Из крайне скупых биографических данных, сообщенных им во время следствия 1930 г.,

а равным образом из показаний других лиц, знакомых с ним (таких оказалось мало),

следует, что уже в гимназические и студенческие годы он принимал активное участие в

революционном движении, сначала в Туле, потом в Москве как член военной организации

РСДРП(б), сидел в тюрьмах, в 1917 г. был членом Московского Совета, редактором

газеты “Советы” и “Солдат-гражданин”, в начале 20-х гг. читал лекции в Народном

университете в г.
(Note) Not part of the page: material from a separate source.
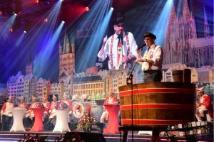 Bis zur Pause folgte ein abwechslungsreiches Programm mit „Der Rednerschule“ mit Martin Schopps, den rhythmischen Liedern von „Band Kempes“ Finest, dem Witzen und Anspielungen des „Blötschkopp“ Marc Metzger sowie der StattGarde Colonia Ahoj, die mit komplettem Stammboot, Bordkapelle, Shanty-Chor und ihrem über Köln und das Rheinland bekannten Tanzcorps – den „jeilsten Schenkeln der Domstadt“ – für maritime Karnevalsstimmung sorgte. Ergänzt wurde das Programm durch Dr. Jens Singer in seiner Type als der „Der Schofför des Kanzlers“, „Bläck Fööss“ und die „Fauth Dance Company“, die die „Äujelchen“ der Männer strahlen ließen. „Et Klimpermännche“ Thomas Cüpper oblag es wie in jedem Jahr den offiziellen Teil des Künstlerparts stimmungsvoll beschließen.

Пятигорске, затем работал в Москве, в Институте Маркса-Энгельса,

заведующим отделом изучения социальных движений, потом техническим редактором в

Большой советской энциклопедии<14>. Его связи с кружками московской интеллигенции

оказались глубоко законспирированными, поскольку они не всплыли в процессе

следствия, а сам он называть какие-либо имена категорически отказался. Поэтому в

обвинительном заключении против него следствие могло использовать только показания

членов периферических организаций Ордена тамплиеров – участников нижегородского

кружка (“Орден Духа”), которых он “опекал”, и отдельных подследственных по

“сочинскому делу”, арестованных одновременно с ним в августе 1930 г. на черноморском

побережье Кавказа.

Не менее загадочной фигурой пока остается и другой ближайший сподвижник

Карелина по анархистской и орденской деятельности – Н.К.Богомолов, бывший одним из

секретарей ВФАК и “Черного Креста помощи заключенным и нуждающимся анархистам”,

организованного Карелиным вскоре после 1905 г. в эмиграции. Причастность Богомолова

к анархизму, как к политическому движению, не вызывает сомнений. Гораздо больше

вопросов может возникнуть относительно его орденской работы, которую сам он

категорически отвергал. В этой части остается положиться на показания уже упомянутого

Н.А.Ладыженского, и, что более важно, на показания известного антропософа, тамплиера

и розенкрейцера М.И.Сизова, называвшего на допросе 1933 г. в числе наиболее старых

тамплиеров высокой степени посвящения Богомолова, стоящего в этом списке после

А.А.Солоновича, Д.А.Бема, Н.А.Проферансова и самого М.И.Сизова.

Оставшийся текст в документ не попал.